Os feitos que atingiu ao longo da sua carreira profissional, ao serviço do Benfica e da Selecção Nacional atestam estas palavras: entre 1961 e 1977 marcou 757 golos oficiais, 320 no Campeonato Nacional (7 vezes melhor marcador nesta competição), em 313 jogos, 57 nas competições da UEFA e 41 por Portugal, em 64 desafios, numa altura, é bom recordar, em que se realizavam bem menos jogos do que hoje em dia, seja nas provas da UEFA, seja nas da FIFA. Venceu 11 Campeonatos, 5 Taças de Portugal e uma Taça dos Campeões Europeus, tendo sido finalista em mais 3 ocasiões. Individualmente conquistou duas Botas de Ouro – 1968 e 1973 – e uma Bola de Ouro, em 1965, troféu que o consagrou como melhor futebolista mundial. Neste prémio ficou ainda por duas vezes em segundo lugar, em 1962 e 1966. Em 1966, no Mundial de Inglaterra, foi o melhor marcador da Prova com 9 golos em 6 jogos. Por sua vez, como culminar de uma carreira recheada de feitos improváveis, em 1999 a International Federation of Football History and Statistics, organismo coadjuvante da FIFA, elegeu-o o 6.º melhor futebolista de sempre da Europa e o 9.º do Mundo. Tudo isto foi conquistado, direta ou indiretamente, ao serviço do Benfica que, também é bom salientar, embora fosse um colosso internacional na década de 60, estava inserido num campeonato que estava longe de ser, como hoje, o palco primordial do futebol europeu.

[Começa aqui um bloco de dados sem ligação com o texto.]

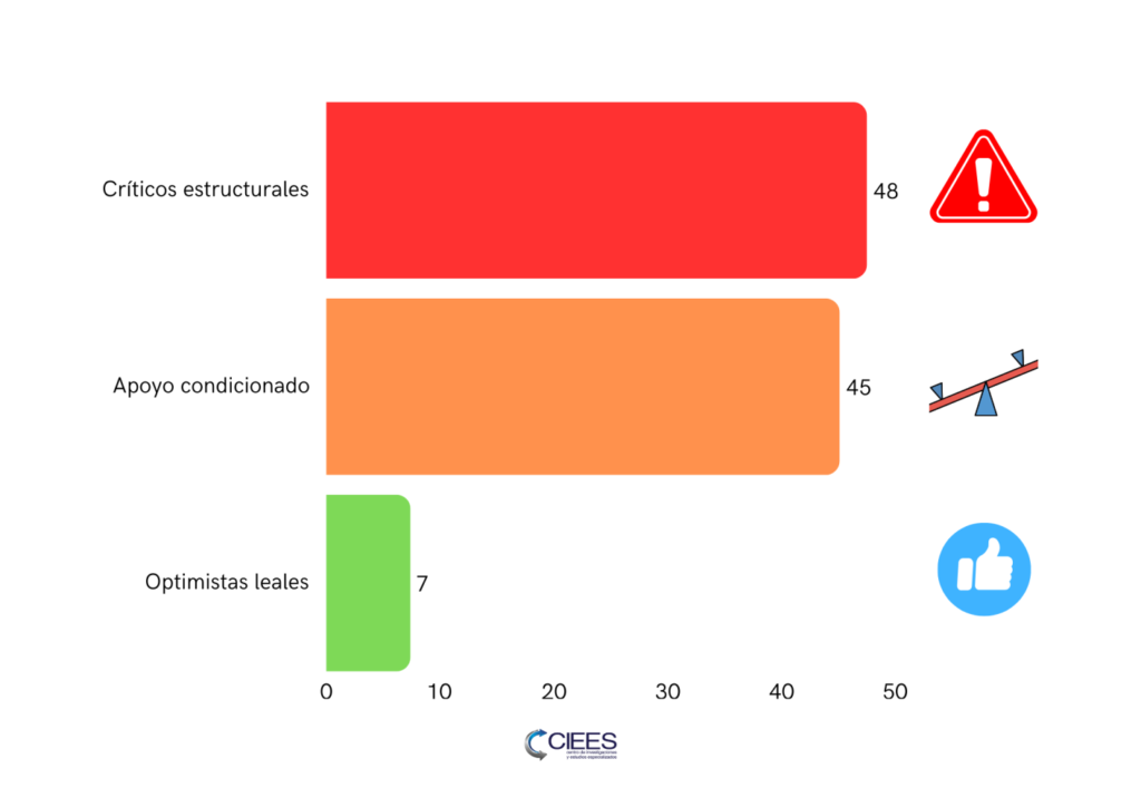 No se observa una polarización ideológica clásica, sino una volatilidad condicionada por resultados. La aprobación sube o baja en función del clima general del país, especialmente de la economía y la seguridad.
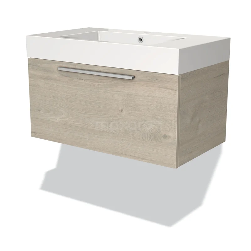 Modulo Waschtische | 80 cm Hellgraue Eiche Flach front Mineralguss 1 Schublade

São números que falam por si, mas que não dizem tudo. Um futebolista é muito mais do que os números que atinge. Eusébio não era só um goleador como também um municiador de golos para os seus colegas, efectuando muitas e decisivas assistências. Não era um ponta de lança típico (ao contrário de Águas ou Torres, por exemplo). Era um vagabundo, que jogava atrás do homem mais avançado, partindo de trás em fulgurantes arrancadas, criando desequilíbrios que não raras vezes davam em golo.
Eusébio fora o menino de Mafalala que conquistara o mundo com uma bola nos pés. O seu futebol, feito de improviso e rebeldia, de malícia e da arte do engano, pareciam falar da sua meninice em Moçambique. Nunca teve muito jeito com as palavras e não se sentia à vontade em frente às câmaras. Não precisava. Comunicava com o corpo em movimento nos estádios de futebol, através das fintas, dos golos, dos chutos fulminantes, e com o sorriso genuíno que esboçava sempre que tinha uma bola nos pés. Era um futebol, simultaneamente, ingénuo porque puro e inocente, retrato figurado de Eusébio quando se apresentou em Lisboa, mas de um rendimento extraordinário, como nos mostram os números que atingiu.
A partida de Eusébio inundou de tristeza todos aqueles que gostam de futebol. Não foi só Portugal que perdeu um herói. Foi o Planeta do Futebol que ficou, hoje de madrugada, indubitavelmente mais pobre. Para a posterioridade ficam os golos, as arrancadas com a bola colada ao pé e conduzida pelo seu corpo felino, serpenteante, a alegria estampada na cara sempre que jogava e a genuinidade do seu futebol (e subsequentemente dele próprio) que trazia sons, cores e imagens de uma terra africana situada junto ao Oceano Indico de nome Moçambique, país onde afinal nasceu Eusébio da Silva Ferreira – o menino que com uma simples bola trouxe alegria a milhões de pessoas por esse mundo fora.